Foi o que ela mostrou pro Mario quando disse que gostava. O disco da Silvia Telles, Amor em Hi-Fi (196), foi referência. Os Anjos do Inferno foram referência. Os conjuntos vocais dos Estados Unidos também. O disco da Nara (1967) também. "Esse disco foi referência. Os arranjos, acho que do Lincoln Olivetti".

E ficou balanceado. "É um disco que ele fala de memória, fala do passado, mas também fala muito do futuro também".

2026 e próximos passos

Falando em futuro, questionada sobre como é ser uma artista nova, em 2026, com redes sociais, algoritmo, várias trends, e fazer um disco tão único, tão atemporal, fora do tempo, Lou Lou sorri e respode: "Olha, eu acho que… eu não tenho muito… eu não sou uma pessoa muito das redes, do algoritmo. Então, eu acho que essa é uma linguagem que eu ainda tô aprendendo.
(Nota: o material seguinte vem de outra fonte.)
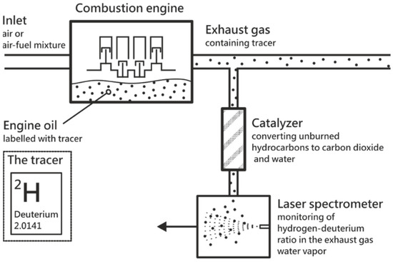 The use of a stable, nonradioactive isotope of hydrogen (deuterium (2H, D)) as a tracer provides the unique opportunity to use molecules of hydrocarbons, which are the basic components of the lube oil, as a tracer. The hydrogen atoms in hydrocarbon molecules can be exchanged for deuterium. This modification has a negligible effect on the physical and chemical properties of the molecules.
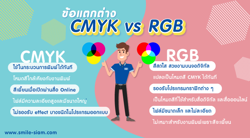 - ไฟล์โหมดสี CMYK จะมีขนาดใหญ่กว่า ไฟล์โหมดสี RGB
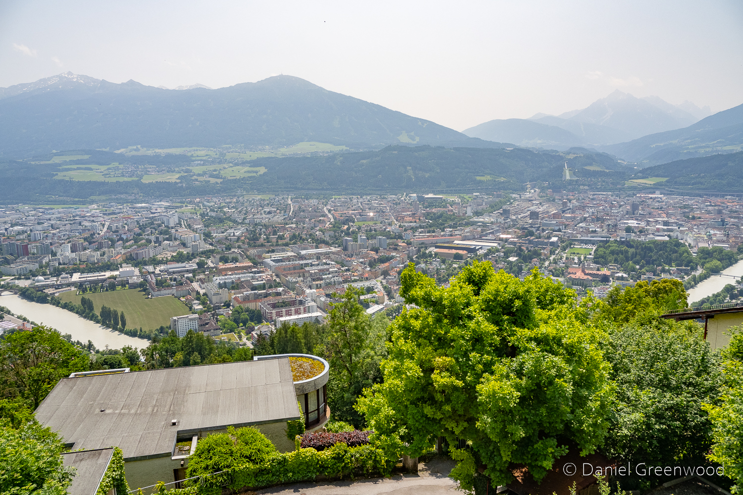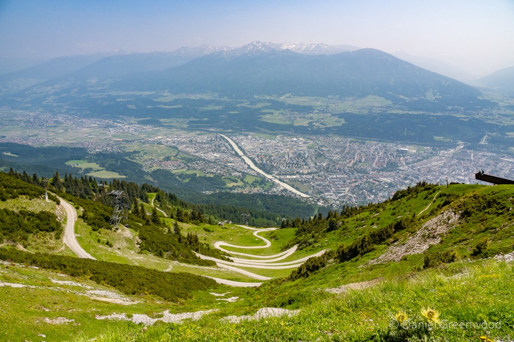 The road winds down to Hungerburg. In the middle-distance the Inn cuts through the city.
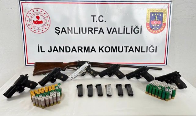 Jandarma Genel Komutanlığı koordinesinde İl Jandarma Komutanlığınca Şanlıurfa'nın Birecik, Bozova, Haliliye, Harran ve Siverek ilçelerinde belirlenen 10 adrese eş zamanlı operasyon gerçekleştirildi. Adreslerde ekiplerce yapılan aramalarda 3 adet piyade tüfeği, 13 ruhsatsız tabanca, 6 ruhsatsız av tüfeği, 5 kurusıkı tabanca, 34 farklı silahlara ait şarjör, 555 farklı çap ve ebatlarda fişek ele geçirildi.
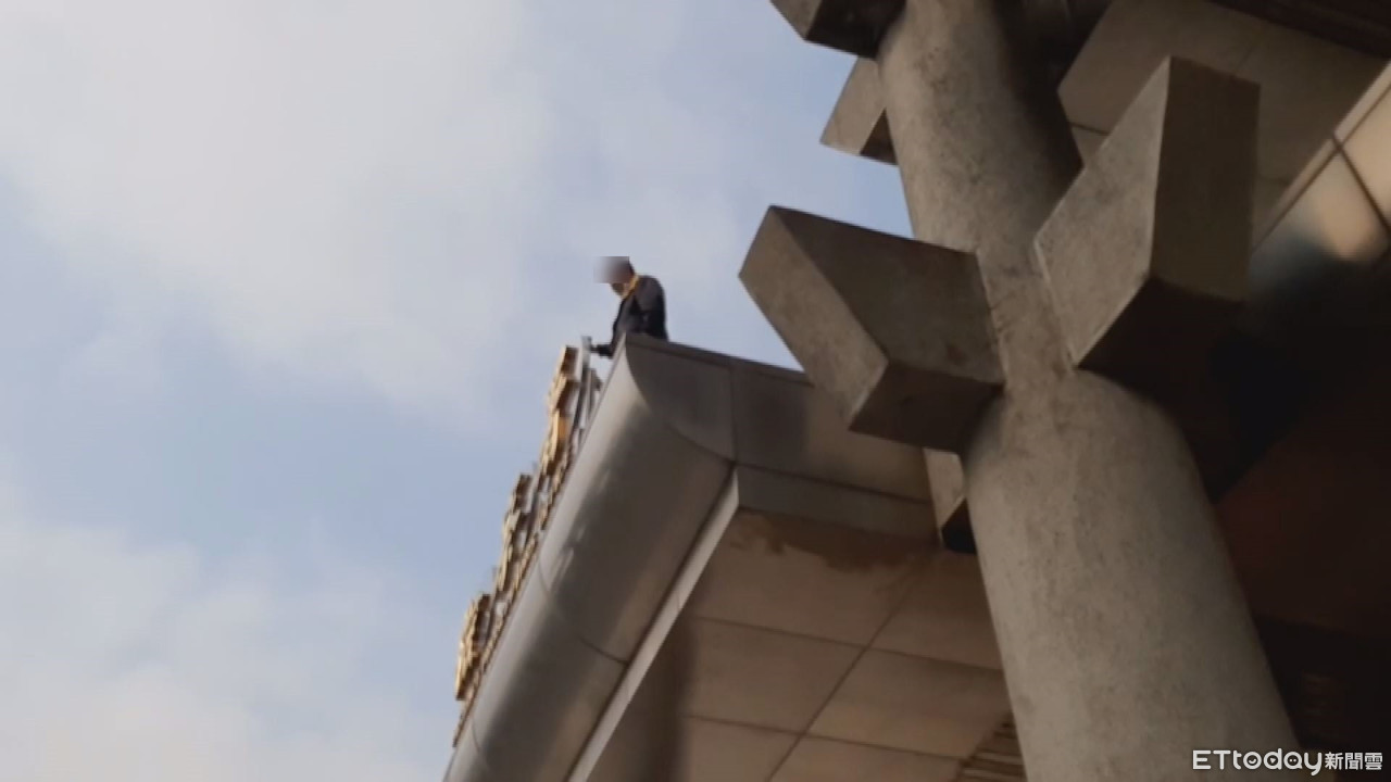 ▲男子爬上苗栗地檢署2樓平台上,情緒激動揚言要跳樓,警消人員不敢大意,僵持了30分鐘才將他制伏。(圖/記者黃孟珍翻攝)

Mas vai ser uma jornada".

"Fico muito feliz de ter conseguido fazer um disco tão verdadeiro, tão bonito, foi um sentimento de muita gratidão".

E esse é o disco. Memória individual virando memória coletiva. João Gilberto ensinando as filhas através de gravações no YouTube, como se nunca tivesse ido embora. Lou Lou aos 21 anos, cantando o que aprendeu, o que ouviu, o que ficou guardado. "Se meu mundo tivesse um som, seria o som desse disco".